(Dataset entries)
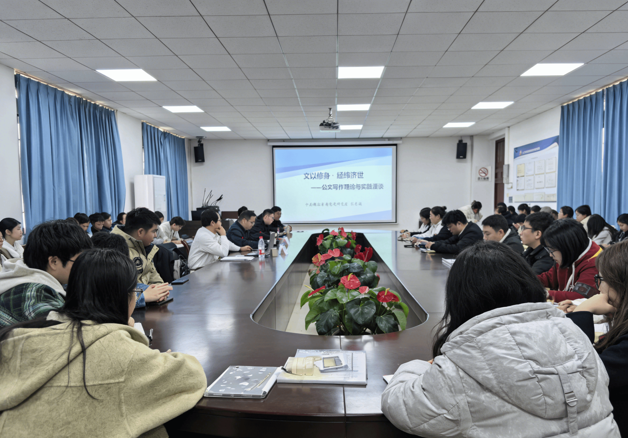 张忠诚以“文以修身·经纬济世——公文写作理论与实践漫谈”为题,围绕公文写作核心,从文体分类、功能定位、实践技巧等维度展开系统讲解。他以深厚学识为支撑,结合经典案例,用通俗生动的语言将抽象的公文写作知识拆解细化、深入浅出,全面梳理核心要点与实用方法,让在场学生对公文写作有了更深刻的理解和把握。报告从文明传承切入,系统解读请示、致辞、调研报告、领导讲话等常用文体的写作技巧,分享了笃学、慎独、多思、借力的写作基本功,兼具理论高度、方法干货与人生感悟,内容详实、指导性强。
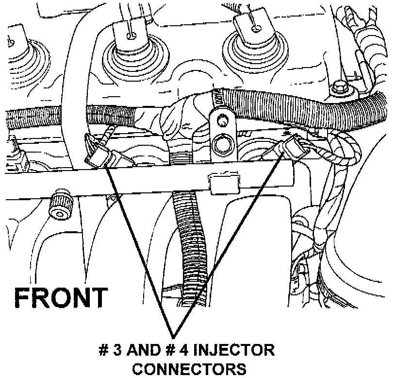 When servicing the engine, intake air duct or injectors, the number three and four injector connectors must be orientated at a 450 to 800 opposing angle. If the connectors are left in the 12:00 o'clock (straight up) position, the wiring may be chafed by the air intake duct resulting in an open circuit condition causing an engine miss. See illustration for proper connector orientation.
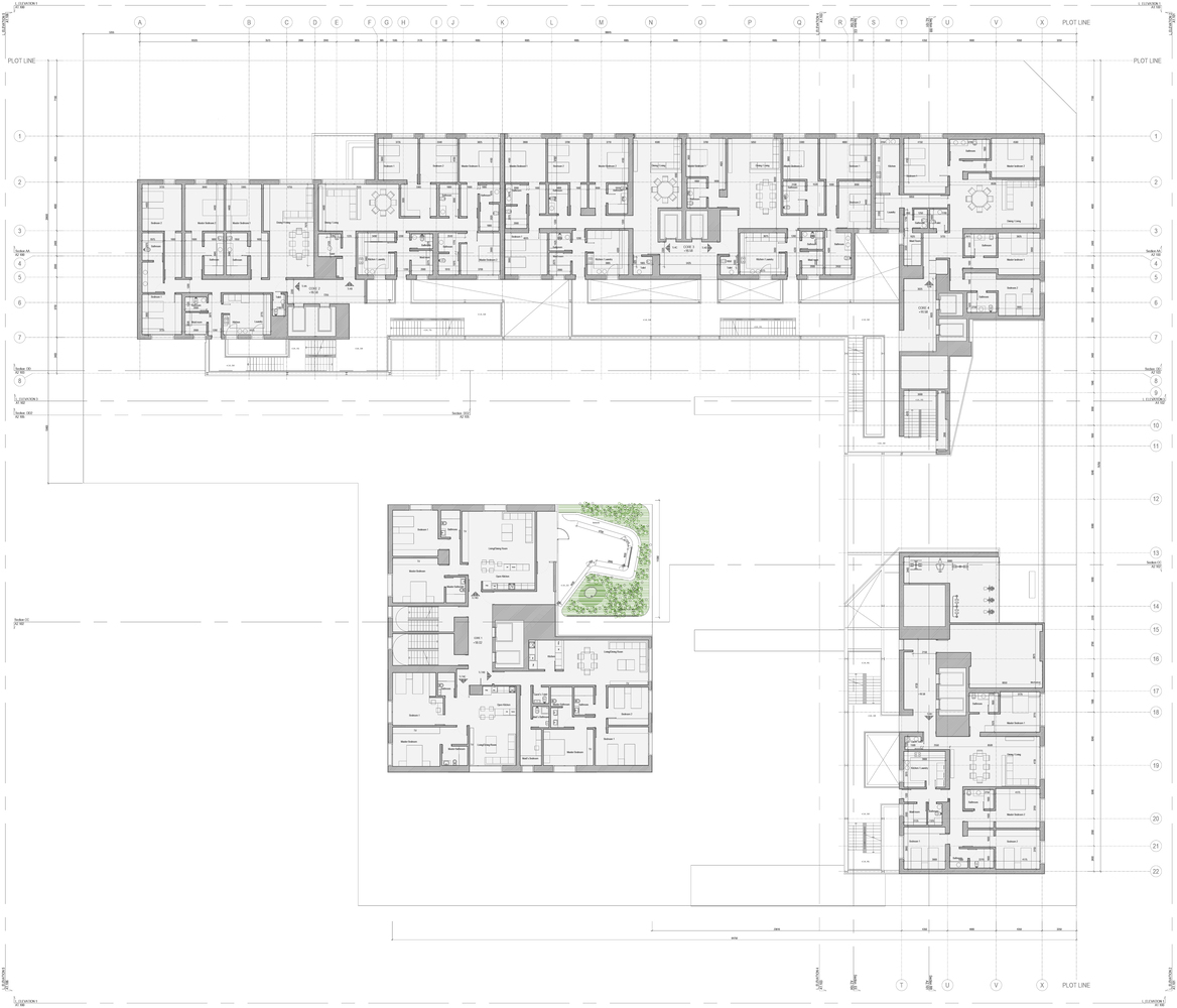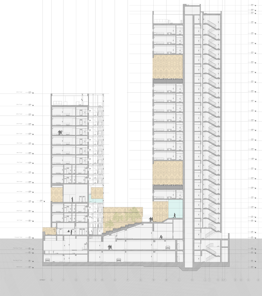 The complex combines at different levels domestic and collective scales that are both private and public. The architecture defines the edge of the block and creates a series of open spaces within the plot for the community, with various uses. The building cantilevers off the ground to draw street life into the building. The ground floor level opens up to the neighborhood with accessible retail facilities on the street level, integrating into the urban fabric, and links up to a high square through an inclined, stepped garden. The project is composed of 16 types of living typologies -ranging from two bedroom to four bedroom duplex- distributed across five cores to cater to a variety of tenants.
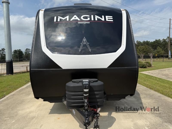 Just imagine leaving the world behind and secluding yourself away with your favorite people in your Grand Design Imagine travel trailer! The Imagine has been designed to enjoy camping and includes a high-capacity furnace, a heated and enclosed underbelly with suspended tanks, a designated heat duct to the subfloor, and a high-density roof insulation with attic vent. You'll have a large panoramic window to let natural lighting in and an adjustable Power Awning with LED Lights for those night gatherings. The exclusive drop-frame pass-through storage compartment is going to allow you to bring along lots of equipment, and the universal docking station is an all-in-one location for utilities and hook-ups. You'll also have oversized tank capacities so that you can fill and empty your tanks less often.
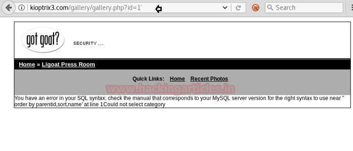 Sau khi điều hướng qua trang web, tôi nhận thấy rằng bằng cách nhấp vào tùy chọn sắp xếp và id ảnh, URL có tham số “id” có thể biểu thị lỗ hổng SQL injection. Sau khi đặt dấu ‘ sau php?id=1 , tức là (bằng cách thử với http://kioptrix3.com/gallery/gallery.php?id=1 ‘ ), dấu nhắc lỗi SQL sẽ xuất hiện như hình bên dưới. Điều này có nghĩa là URL web có thể bị tấn công SQL injection. Bây giờ các bạn có thể dùng sqlmap hay havji … để pentest
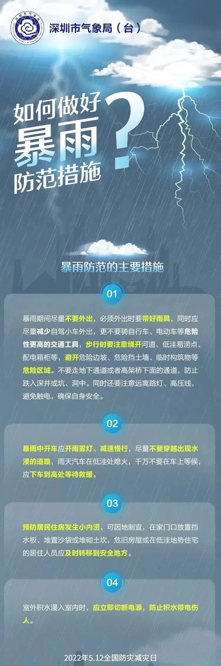 5月11日到15日,深圳市将出现今年以来最强的持续性暴雨过程,并可能伴有雷暴大风等强对流天气。
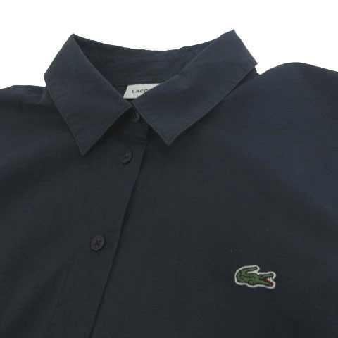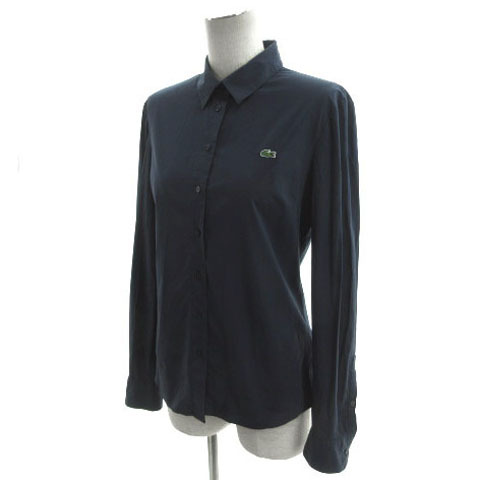 ラコステ LACOSTE シャツ 長袖 ロゴワッペン ストレッチ コットン混 ネイビー 紺 36 レディース

[PROBLEM DETAILS]
Copy each entry above exactly; drop the pictures.

[RESPONSE AREA]
 张忠诚以“文以修身·经纬济世——公文写作理论与实践漫谈”为题,围绕公文写作核心,从文体分类、功能定位、实践技巧等维度展开系统讲解。他以深厚学识为支撑,结合经典案例,用通俗生动的语言将抽象的公文写作知识拆解细化、深入浅出,全面梳理核心要点与实用方法,让在场学生对公文写作有了更深刻的理解和把握。报告从文明传承切入,系统解读请示、致辞、调研报告、领导讲话等常用文体的写作技巧,分享了笃学、慎独、多思、借力的写作基本功,兼具理论高度、方法干货与人生感悟,内容详实、指导性强。
 When servicing the engine, intake air duct or injectors, the number three and four injector connectors must be orientated at a 450 to 800 opposing angle. If the connectors are left in the 12:00 o'clock (straight up) position, the wiring may be chafed by the air intake duct resulting in an open circuit condition causing an engine miss. See illustration for proper connector orientation.
 The complex combines at different levels domestic and collective scales that are both private and public. The architecture defines the edge of the block and creates a series of open spaces within the plot for the community, with various uses. The building cantilevers off the ground to draw street life into the building. The ground floor level opens up to the neighborhood with accessible retail facilities on the street level, integrating into the urban fabric, and links up to a high square through an inclined, stepped garden. The project is composed of 16 types of living typologies -ranging from two bedroom to four bedroom duplex- distributed across five cores to cater to a variety of tenants.
 Just imagine leaving the world behind and secluding yourself away with your favorite people in your Grand Design Imagine travel trailer! The Imagine has been designed to enjoy camping and includes a high-capacity furnace, a heated and enclosed underbelly with suspended tanks, a designated heat duct to the subfloor, and a high-density roof insulation with attic vent. You'll have a large panoramic window to let natural lighting in and an adjustable Power Awning with LED Lights for those night gatherings. The exclusive drop-frame pass-through storage compartment is going to allow you to bring along lots of equipment, and the universal docking station is an all-in-one location for utilities and hook-ups. You'll also have oversized tank capacities so that you can fill and empty your tanks less often.
 Sau khi điều hướng qua trang web, tôi nhận thấy rằng bằng cách nhấp vào tùy chọn sắp xếp và id ảnh, URL có tham số “id” có thể biểu thị lỗ hổng SQL injection. Sau khi đặt dấu ‘ sau php?id=1 , tức là (bằng cách thử với http://kioptrix3.com/gallery/gallery.php?id=1 ‘ ), dấu nhắc lỗi SQL sẽ xuất hiện như hình bên dưới. Điều này có nghĩa là URL web có thể bị tấn công SQL injection. Bây giờ các bạn có thể dùng sqlmap hay havji … để pentest
 5月11日到15日,深圳市将出现今年以来最强的持续性暴雨过程,并可能伴有雷暴大风等强对流天气。
 ラコステ LACOSTE シャツ 長袖 ロゴワッペン ストレッチ コットン混 ネイビー 紺 36 レディース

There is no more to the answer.